Center for Molecular Bioinformatics, Department of Biology, University of Rome Tor Vergata, Via della Ricerca Scientifica, Rome, Italy.
BMC Bioinformatics. 2009 Oct 24;10:351. doi: 10.1186/1471-2105-10-351.
Many proteins are highly modular, being assembled from globular domains and segments of natively disordered polypeptides. Linear motifs, short sequence modules functioning independently of protein tertiary structure, are most abundant in natively disordered polypeptides but are also found in accessible parts of globular domains, such as exposed loops. The prediction of novel occurrences of known linear motifs attempts the difficult task of distinguishing functional matches from stochastically occurring non-functional matches. Although functionality can only be confirmed experimentally, confidence in a putative motif is increased if a motif exhibits attributes associated with functional instances such as occurrence in the correct taxonomic range, cellular compartment, conservation in homologues and accessibility to interacting partners. Several tools now use these attributes to classify putative motifs based on confidence of functionality.
Current methods assessing motif accessibility do not consider much of the information available, either predicting accessibility from primary sequence or regarding any motif occurring in a globular region as low confidence. We present a method considering accessibility and secondary structural context derived from experimentally solved protein structures to rectify this situation. Putatively functional motif occurrences are mapped onto a representative domain, given that a high quality reference SCOP domain structure is available for the protein itself or a close relative. Candidate motifs can then be scored for solvent-accessibility and secondary structure context. The scores are calibrated on a benchmark set of experimentally verified motif instances compared with a set of random matches. A combined score yields 3-fold enrichment for functional motifs assigned to high confidence classifications and 2.5-fold enrichment for random motifs assigned to low confidence classifications. The structure filter is implemented as a pipeline with both a graphical interface via the ELM resource http://elm.eu.org/ and through a Web Service protocol.
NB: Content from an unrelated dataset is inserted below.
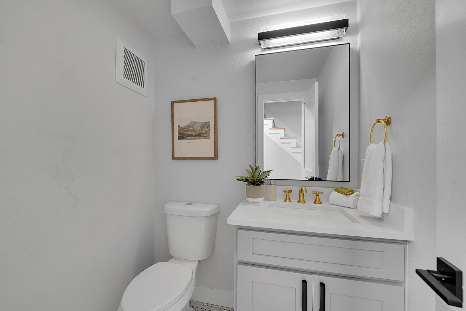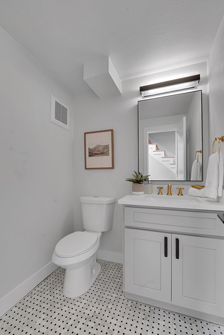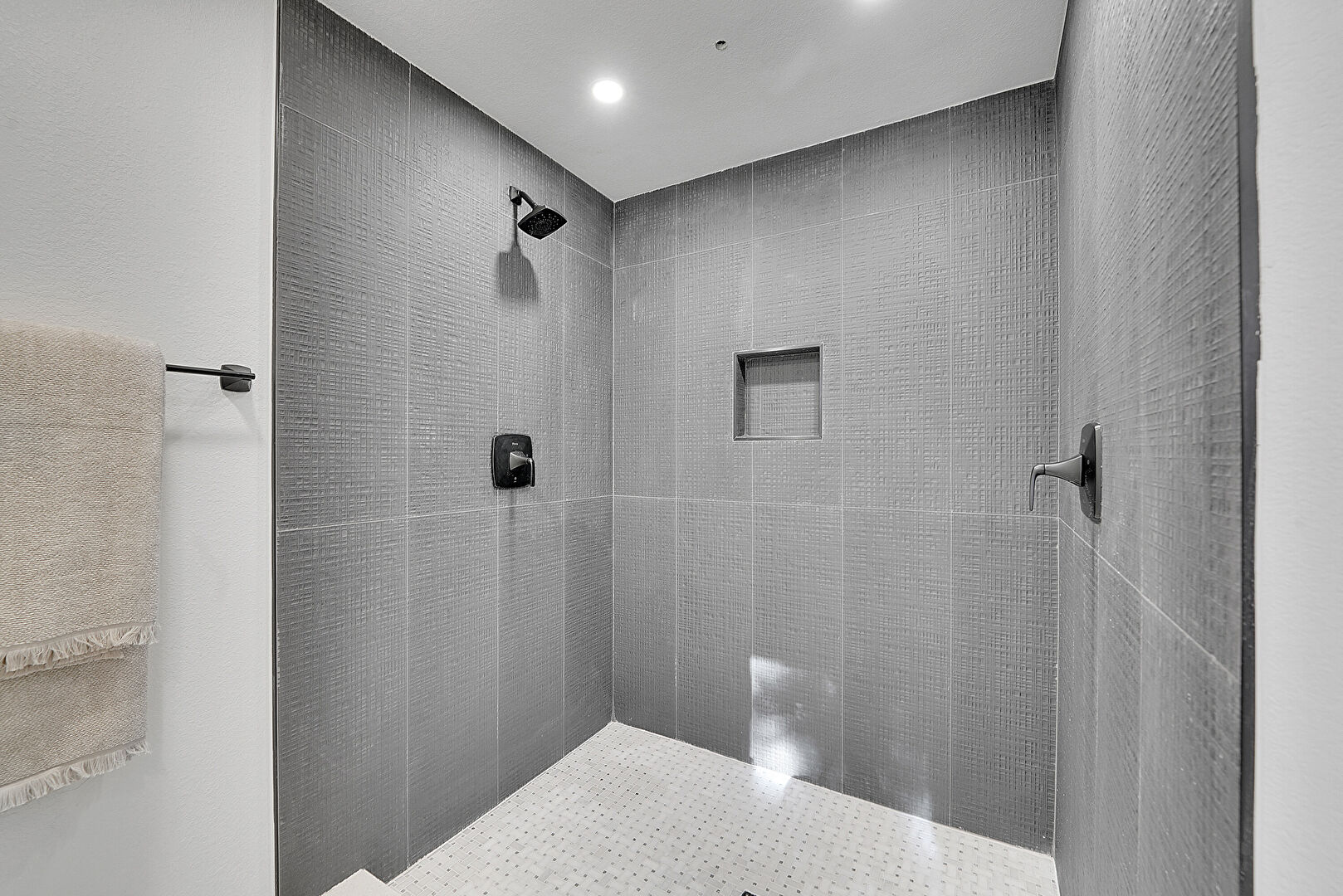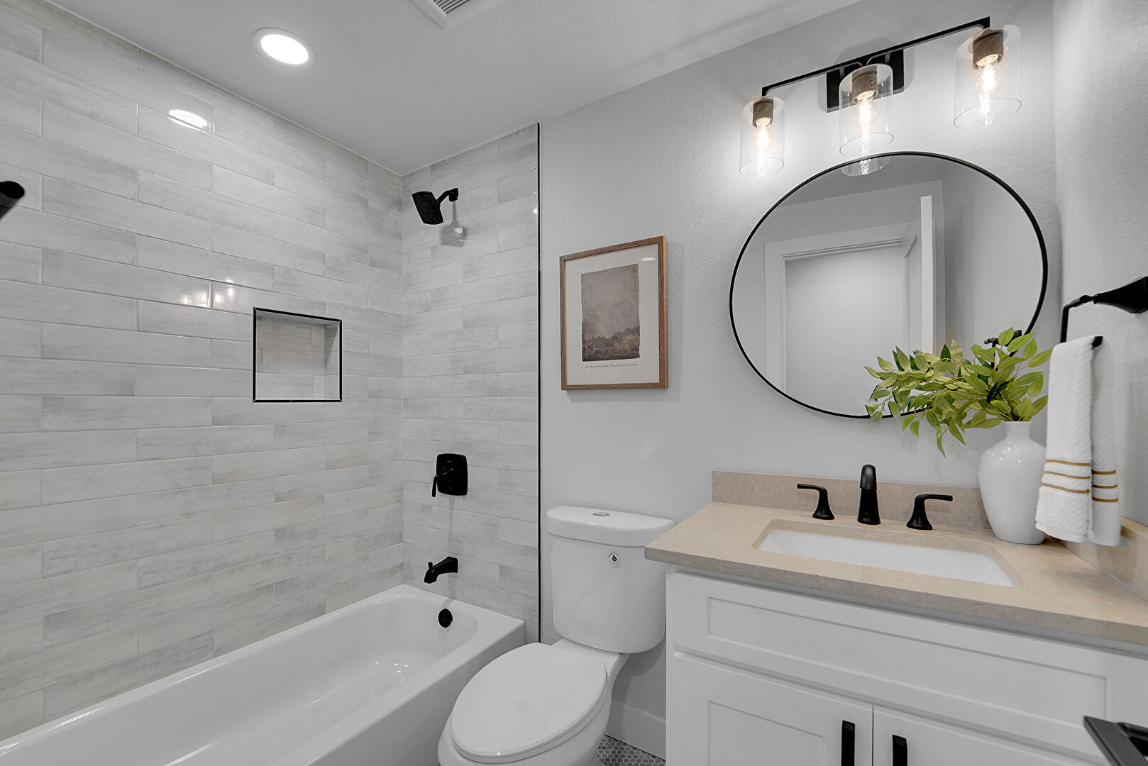 Baseboards Wall,  Combined Bath Shower,  Drywall,  Full Bathroom,  Half Bathroom,  Recessed Lighting,  Tile Floor,  Vanity,  Vent, Baseboards Wall, Double Vanity, Drywall, Textured Ceiling, Vanity

New occurrences of known linear motifs require experimental validation as the bioinformatics tools currently have limited reliability. The ELM structure filter will aid users assessing candidate motifs presenting in globular structural regions. Most importantly, it will help users to decide whether to expend their valuable time and resources on experimental testing of interesting motif candidates.
许多蛋白质具有高度的模块性,由球状结构域和天然无规多肽的片段组装而成。线性基序是独立于蛋白质三级结构发挥功能的短序列模块,在天然无规多肽中最为丰富,但也存在于球状结构域的可及部分,如暴露的环。预测已知线性基序的新出现需要区分功能匹配和随机出现的非功能匹配,这是一项艰巨的任务。虽然功能只能通过实验来证实,但如果一个基序具有与功能实例相关的属性,如在正确的分类范围、细胞区室、同源物中的保守性和与相互作用伙伴的可及性,那么对该基序的可信度就会增加。目前有几种工具使用这些属性根据功能的可信度对假定基序进行分类。
当前评估基序可及性的方法并未充分利用现有信息,要么根据原始序列预测可及性,要么认为任何出现在球状区域的基序可信度都较低。我们提出了一种方法,该方法考虑了来自实验确定的蛋白质结构的可及性和二级结构上下文,以纠正这种情况。在给定蛋白质本身或近亲有高质量参考 SCOP 结构域的情况下,将假定的功能基序出现映射到代表结构域上。然后可以为候选基序的溶剂可及性和二级结构上下文打分。根据实验验证的基序实例与随机匹配集的比较,对得分进行校准。综合得分可使分配给高可信度分类的功能基序富集 3 倍,分配给低可信度分类的随机基序富集 2.5 倍。结构过滤器作为一个管道实现,通过 ELM 资源 http://elm.eu.org/的图形界面和 Web 服务协议实现。
新出现的已知线性基序需要进行实验验证,因为生物信息学工具目前的可靠性有限。ELM 结构过滤器将帮助用户评估在球状结构区域出现的候选基序。最重要的是,它将帮助用户决定是否花费宝贵的时间和资源来对有趣的基序候选进行实验测试。